**DATA IN THIS EXERCISE:**
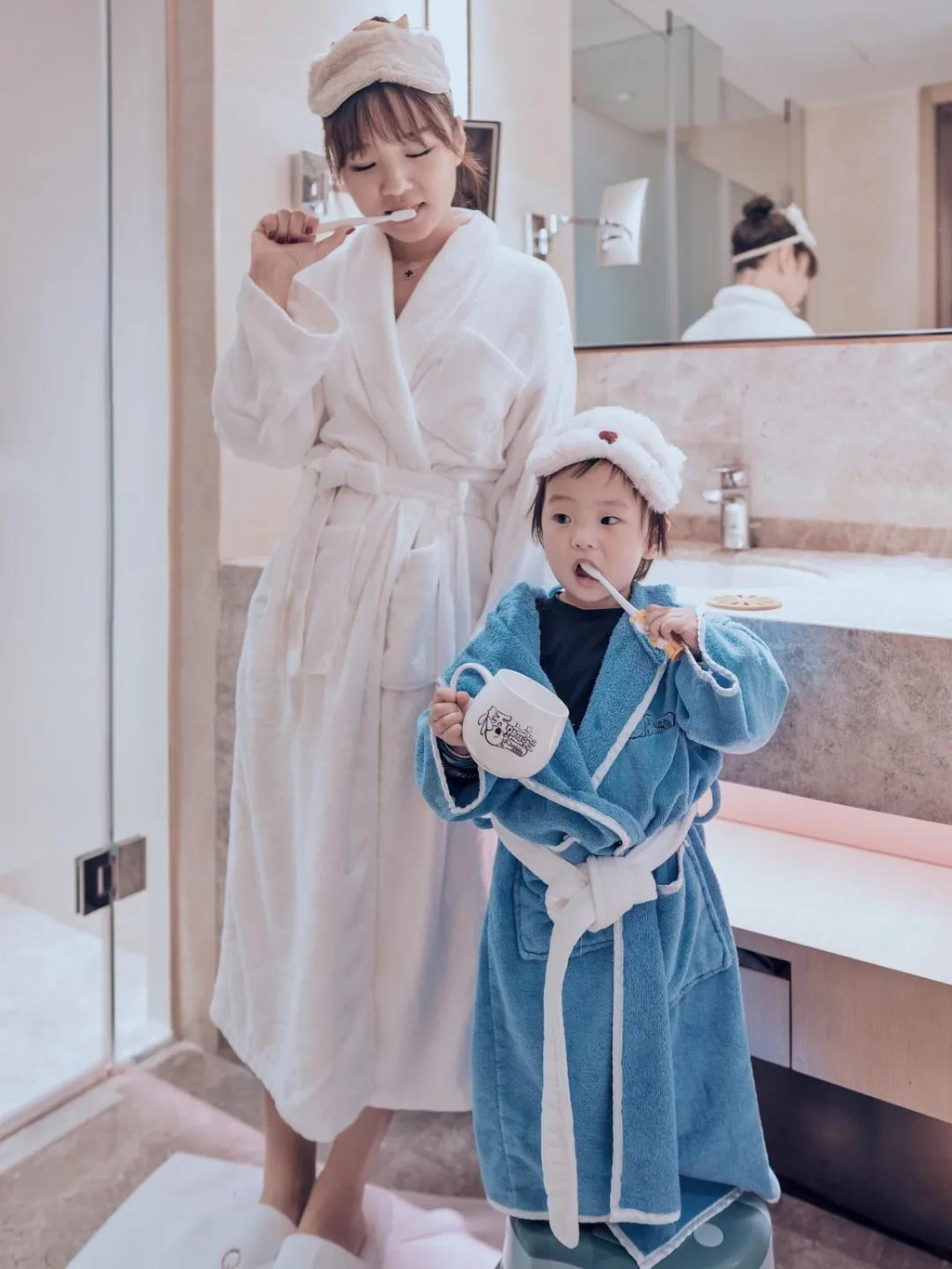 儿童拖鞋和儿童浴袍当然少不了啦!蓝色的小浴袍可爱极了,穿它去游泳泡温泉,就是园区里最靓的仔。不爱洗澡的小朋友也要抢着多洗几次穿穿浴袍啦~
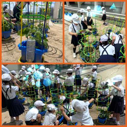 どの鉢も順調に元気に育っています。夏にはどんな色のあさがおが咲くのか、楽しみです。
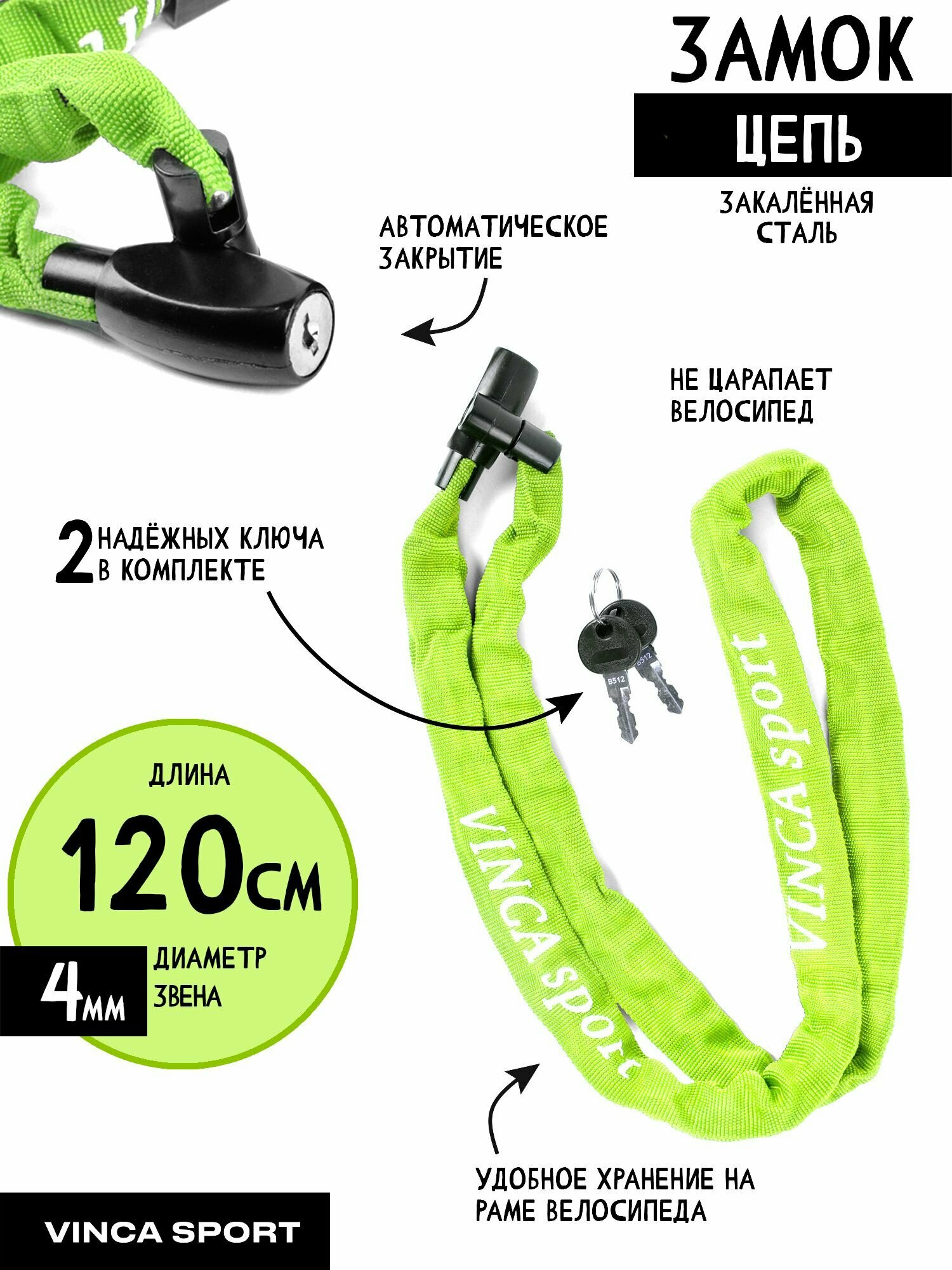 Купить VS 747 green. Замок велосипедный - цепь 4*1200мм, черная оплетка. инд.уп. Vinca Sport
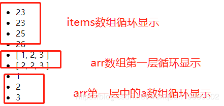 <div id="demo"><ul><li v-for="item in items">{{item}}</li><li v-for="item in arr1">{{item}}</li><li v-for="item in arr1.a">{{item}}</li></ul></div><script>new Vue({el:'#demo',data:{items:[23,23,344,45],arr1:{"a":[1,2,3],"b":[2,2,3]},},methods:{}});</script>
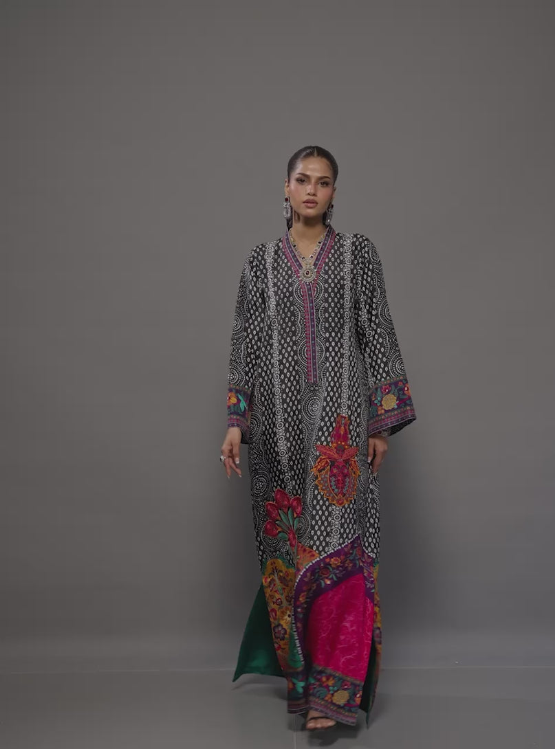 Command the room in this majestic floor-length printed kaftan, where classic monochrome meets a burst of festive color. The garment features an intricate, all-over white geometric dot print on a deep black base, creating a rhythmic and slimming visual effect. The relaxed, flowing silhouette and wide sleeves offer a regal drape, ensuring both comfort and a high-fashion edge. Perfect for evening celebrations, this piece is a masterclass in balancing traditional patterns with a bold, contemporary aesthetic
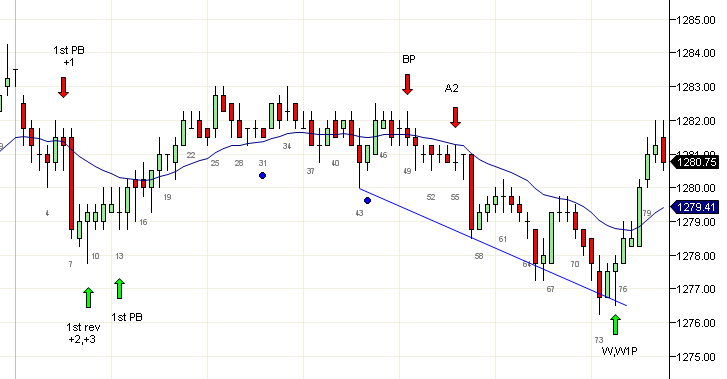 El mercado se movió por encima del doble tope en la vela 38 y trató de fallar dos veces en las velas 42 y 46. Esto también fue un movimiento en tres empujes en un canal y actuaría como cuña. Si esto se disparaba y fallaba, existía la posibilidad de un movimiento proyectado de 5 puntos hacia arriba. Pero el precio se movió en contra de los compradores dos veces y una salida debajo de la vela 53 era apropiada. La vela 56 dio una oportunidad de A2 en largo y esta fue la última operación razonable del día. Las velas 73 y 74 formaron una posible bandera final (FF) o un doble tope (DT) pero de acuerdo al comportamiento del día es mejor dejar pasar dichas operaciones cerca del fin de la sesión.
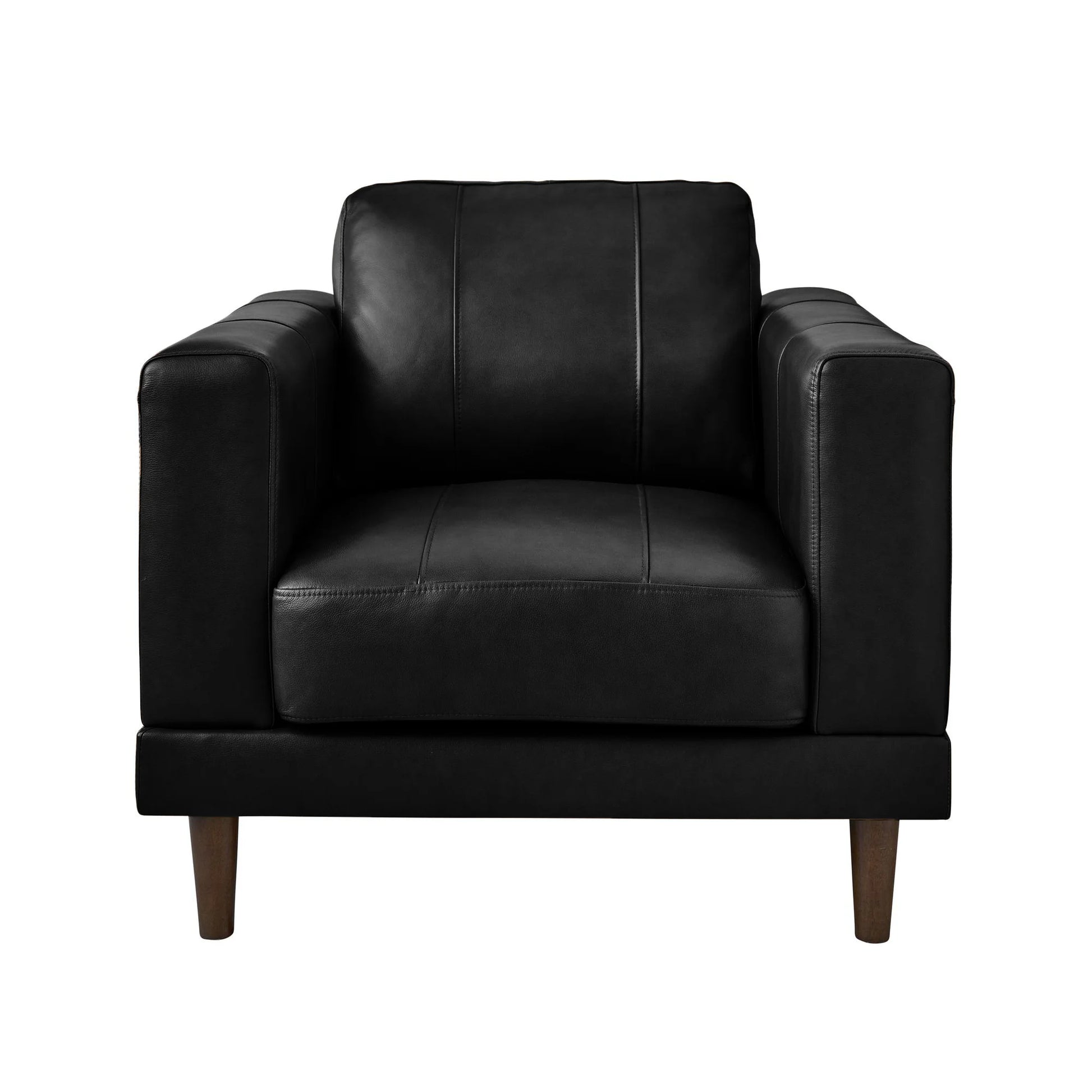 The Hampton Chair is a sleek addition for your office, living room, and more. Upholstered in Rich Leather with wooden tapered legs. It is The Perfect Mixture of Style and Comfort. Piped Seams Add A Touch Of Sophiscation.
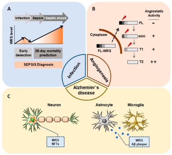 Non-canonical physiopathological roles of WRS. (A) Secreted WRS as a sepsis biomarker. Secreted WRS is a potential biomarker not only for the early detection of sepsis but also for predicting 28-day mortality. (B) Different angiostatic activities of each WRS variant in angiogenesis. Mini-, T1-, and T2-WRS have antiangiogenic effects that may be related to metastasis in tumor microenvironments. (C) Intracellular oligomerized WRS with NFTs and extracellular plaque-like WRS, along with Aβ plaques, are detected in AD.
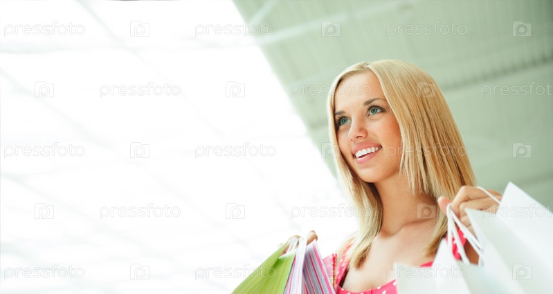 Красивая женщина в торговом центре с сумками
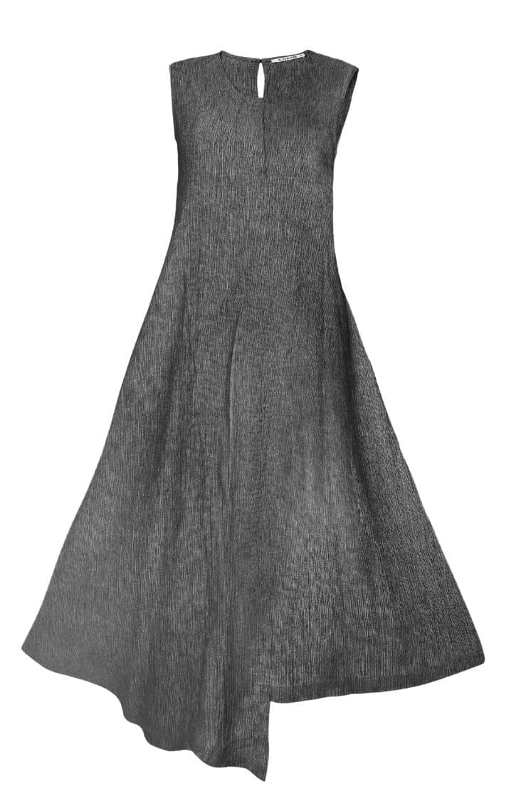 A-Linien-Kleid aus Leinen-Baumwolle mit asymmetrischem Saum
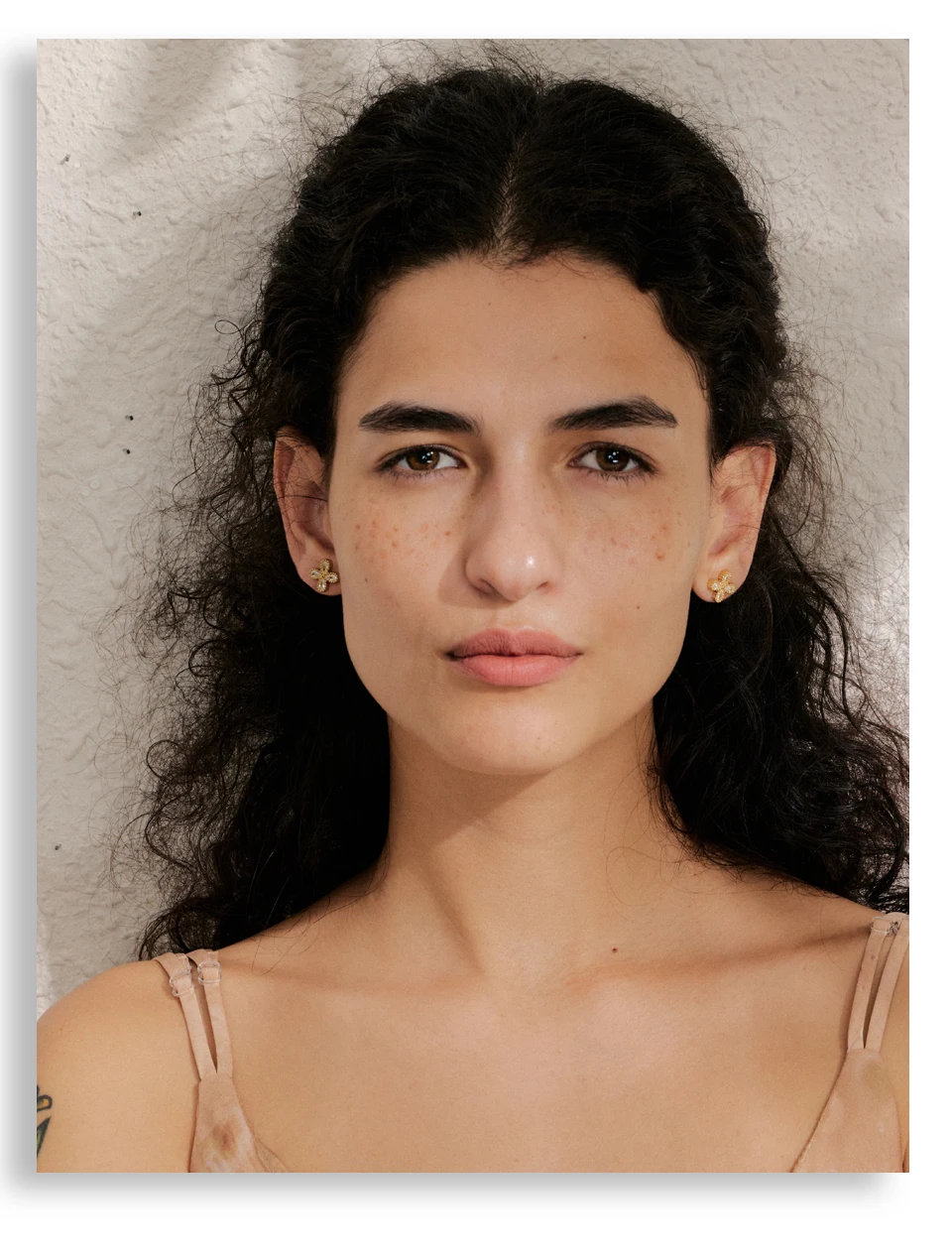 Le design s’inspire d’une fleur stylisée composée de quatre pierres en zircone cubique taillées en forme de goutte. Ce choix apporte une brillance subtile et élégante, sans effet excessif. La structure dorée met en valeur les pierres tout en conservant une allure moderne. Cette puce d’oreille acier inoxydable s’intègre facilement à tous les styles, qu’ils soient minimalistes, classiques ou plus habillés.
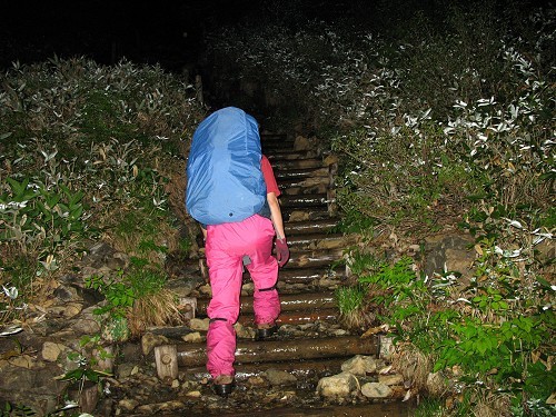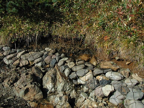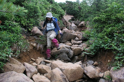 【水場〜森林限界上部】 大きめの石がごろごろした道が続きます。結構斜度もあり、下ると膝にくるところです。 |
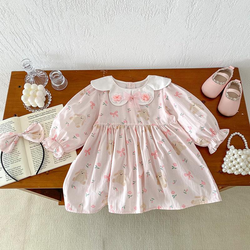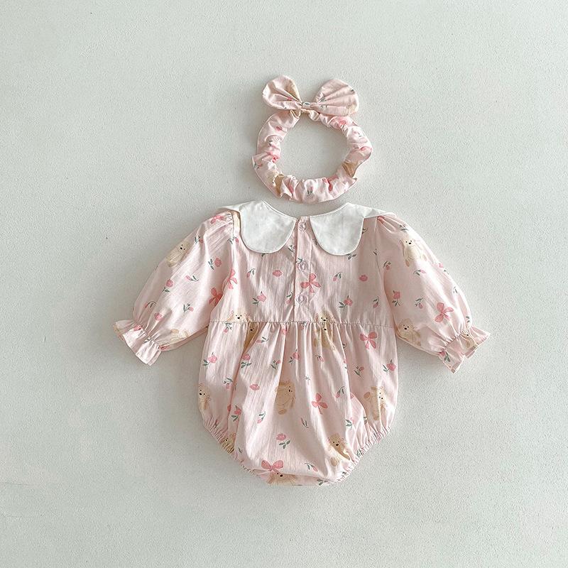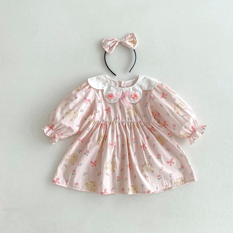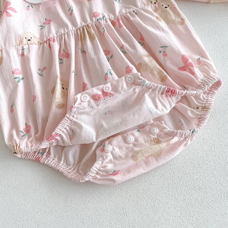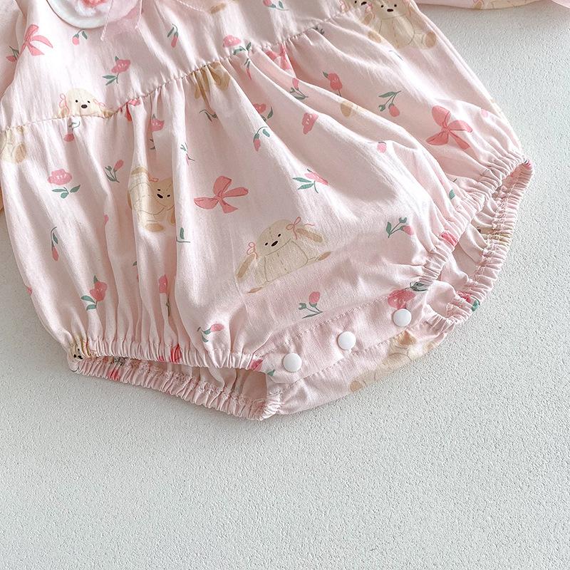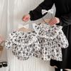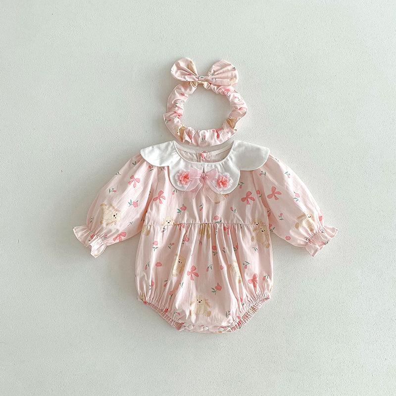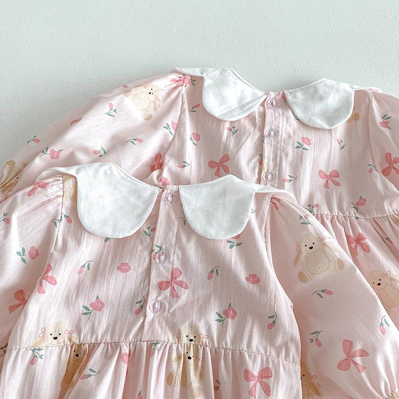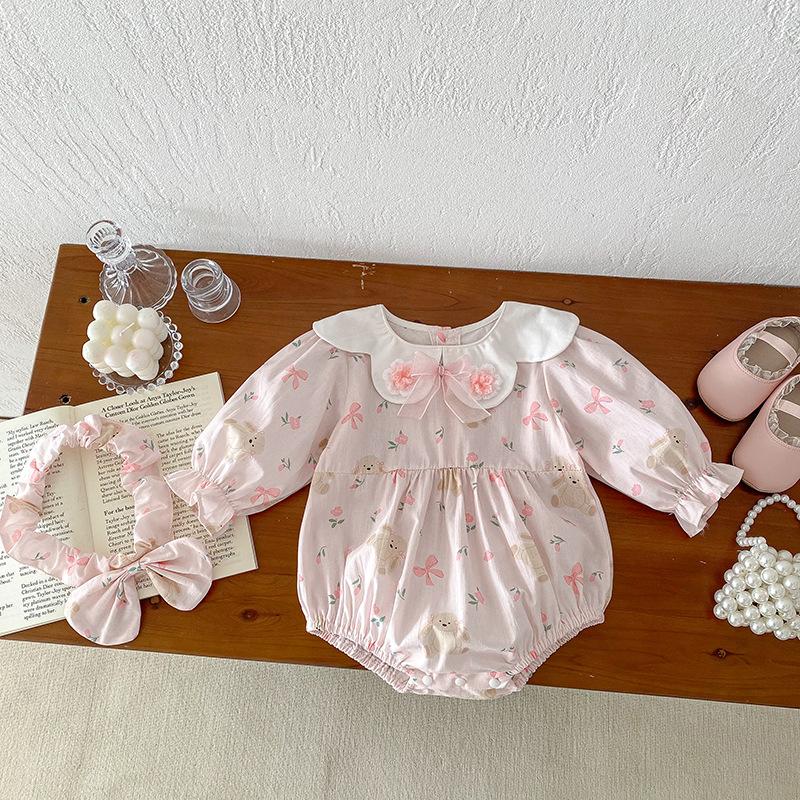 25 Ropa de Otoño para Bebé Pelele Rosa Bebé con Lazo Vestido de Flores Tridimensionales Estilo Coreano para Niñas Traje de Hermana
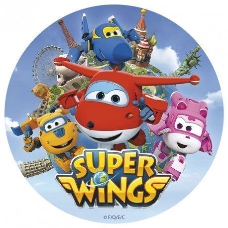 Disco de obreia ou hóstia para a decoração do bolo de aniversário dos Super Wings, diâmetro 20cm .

**WORK ORDER:** Find the line containing "Красивая женщина в торговом центре с сумками" in the listing above. Restate it and every line after it, word for word, through the final line, leaving out the pictures.

**TASK OUTPUT:**
 Красивая женщина в торговом центре с сумками
 A-Linien-Kleid aus Leinen-Baumwolle mit asymmetrischem Saum
 Le design s’inspire d’une fleur stylisée composée de quatre pierres en zircone cubique taillées en forme de goutte. Ce choix apporte une brillance subtile et élégante, sans effet excessif. La structure dorée met en valeur les pierres tout en conservant une allure moderne. Cette puce d’oreille acier inoxydable s’intègre facilement à tous les styles, qu’ils soient minimalistes, classiques ou plus habillés.
 【水場〜森林限界上部】 大きめの石がごろごろした道が続きます。結構斜度もあり、下ると膝にくるところです。 |
 25 Ropa de Otoño para Bebé Pelele Rosa Bebé con Lazo Vestido de Flores Tridimensionales Estilo Coreano para Niñas Traje de Hermana
 Disco de obreia ou hóstia para a decoração do bolo de aniversário dos Super Wings, diâmetro 20cm .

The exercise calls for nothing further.